BRIEF: Identify each line below that contains the word "with", and copy it out.

TASK INPUT:
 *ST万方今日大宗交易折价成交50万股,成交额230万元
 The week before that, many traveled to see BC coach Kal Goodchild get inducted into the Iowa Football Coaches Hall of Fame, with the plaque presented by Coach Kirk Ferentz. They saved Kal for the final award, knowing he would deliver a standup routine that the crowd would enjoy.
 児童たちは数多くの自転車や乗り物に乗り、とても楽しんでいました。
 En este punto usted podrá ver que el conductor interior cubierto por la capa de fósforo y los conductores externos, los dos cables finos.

---

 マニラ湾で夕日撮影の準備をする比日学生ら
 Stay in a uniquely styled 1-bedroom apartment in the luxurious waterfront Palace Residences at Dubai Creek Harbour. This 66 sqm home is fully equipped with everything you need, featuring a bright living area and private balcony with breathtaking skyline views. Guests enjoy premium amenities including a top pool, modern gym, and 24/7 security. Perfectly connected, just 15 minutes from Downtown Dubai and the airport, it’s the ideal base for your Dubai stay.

* * *

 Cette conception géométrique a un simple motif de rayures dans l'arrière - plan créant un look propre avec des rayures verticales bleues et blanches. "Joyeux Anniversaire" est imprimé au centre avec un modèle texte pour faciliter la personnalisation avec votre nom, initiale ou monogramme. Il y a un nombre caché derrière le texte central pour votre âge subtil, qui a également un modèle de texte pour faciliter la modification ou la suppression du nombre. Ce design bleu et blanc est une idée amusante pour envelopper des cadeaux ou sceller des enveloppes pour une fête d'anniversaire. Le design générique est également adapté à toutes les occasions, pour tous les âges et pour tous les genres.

EXERCISE RESULT:
 The week before that, many traveled to see BC coach Kal Goodchild get inducted into the Iowa Football Coaches Hall of Fame, with the plaque presented by Coach Kirk Ferentz. They saved Kal for the final award, knowing he would deliver a standup routine that the crowd would enjoy.
 Stay in a uniquely styled 1-bedroom apartment in the luxurious waterfront Palace Residences at Dubai Creek Harbour. This 66 sqm home is fully equipped with everything you need, featuring a bright living area and private balcony with breathtaking skyline views. Guests enjoy premium amenities including a top pool, modern gym, and 24/7 security. Perfectly connected, just 15 minutes from Downtown Dubai and the airport, it’s the ideal base for your Dubai stay.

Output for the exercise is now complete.